In Er et al. [87], RBF neural networks are trained by a hybrid learning algorithm to drastically reduce the dimension of the search space in the gradient paradigm. On the widely used Olivetti Research Laboratory (ORL) face database, the proposed system reportedly achieved excellent performance in terms of both learning efficiency and classification error rates. In Zhang and Guo [401], a modular network structure based on an autoassociative RBF module is applied to face recognition applications based on both the XM2VTS and ORL face database. The scheme achieves highly accurate recognition on both databases.
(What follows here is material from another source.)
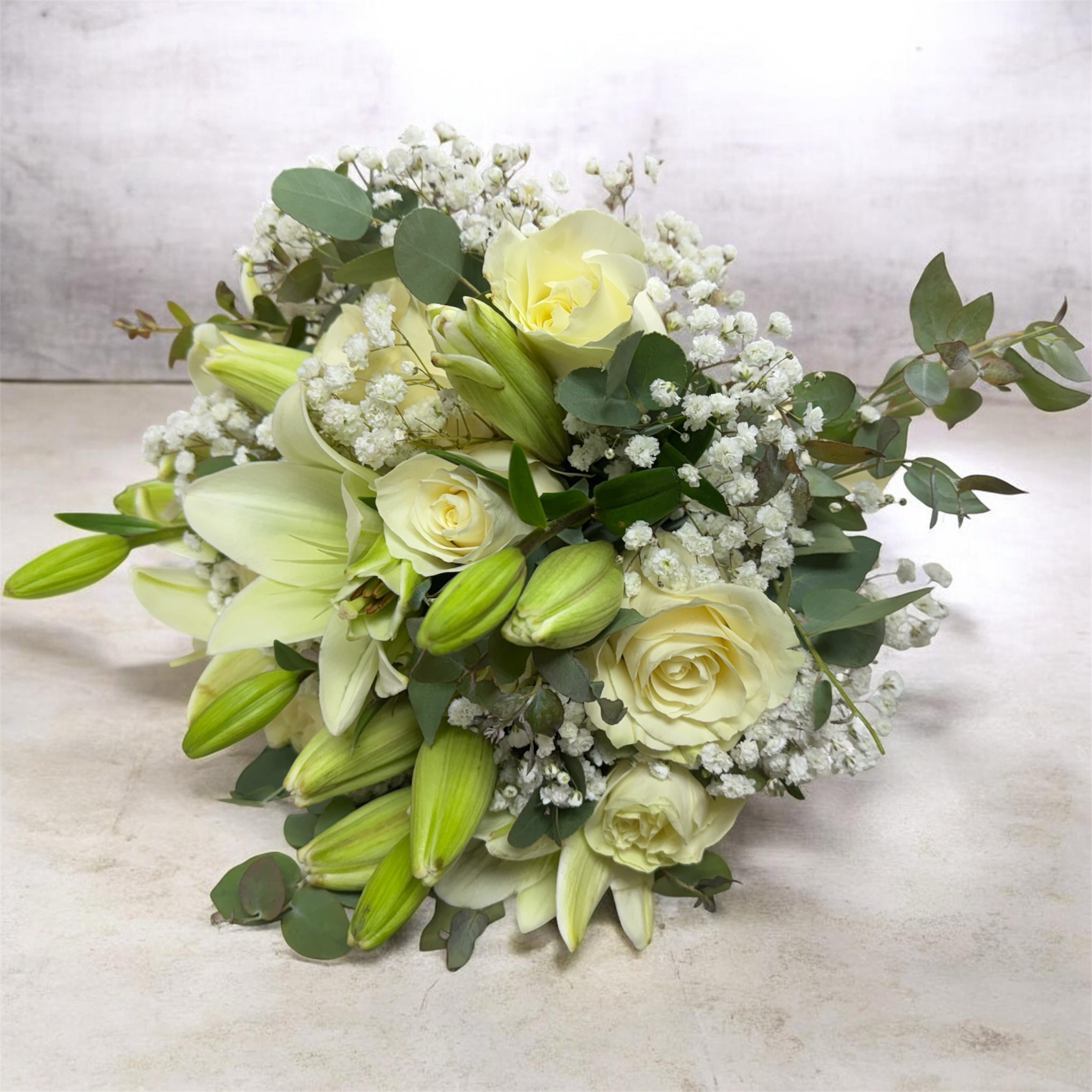 Ramo de novia con rosas blancas y Lilium blancos, decorado con eucaliptos y Gypsophilia.

RBF neural networks have also been implemented on embedded systems to provide realtime processing speed for face tracking and identity verification [391].

In Cardinaux et al. [46], MLPs and GMMs were compared in the context of face verification. The comparison is carried out in terms of performance, effectiveness, and practicability. Apart from structural differences, the two approaches use different training criteria; the MLP approach uses a discriminative criterion, while the GMM approach uses a combination of maximum likelihood (ML) and maximum a posteriori (MAP) criteria. Experiments on the XM2VTS database have shown that for low-resolution faces the MLP approach has slightly lower error rates than the GMM approach; however, the GMM approach easily outperforms the MLP approach for high-resolution faces and is significantly more effective for imperfectly located faces. The experiments have also shown that computational requirements of the GMM approach can be significantly smaller than those of the MLP approach, with only a slight decrease in performance.

RBF networks have also been used for speaker verification. For example, in Jiang and Deng [165], a Bayesian approach is applied to speaker verification based on the Gaussian mixture model (GMM). In the Bayesian approach, the verification decision is made by comparing Bayes factors against a critical threshold. An efficient algorithm, using the Viterbi approximation, was proposed to calculate the Bayes's factors for the GMM. According to the reported simulation based on the NIST98 speaker verification evaluation data, the proposed Bayesian approach achieves moderate improvements over a well-trained baseline system using the conventional likelihood ratio test.

A close relative of the RBF clustering scheme is the family of vector quantization (VQ) clustering, since they are both based on the distance metric. In He et al. [129], an evaluation experiment was conducted to compare the codebooks trained by the Linde-Buzo-Grey (LBG), the learning vector quantization (LVQ), and the group vector quantization (GVQ) algorithms. (In GVQ training, speaker codebooks are trained and optimized for vector groups rather than for individual vectors.)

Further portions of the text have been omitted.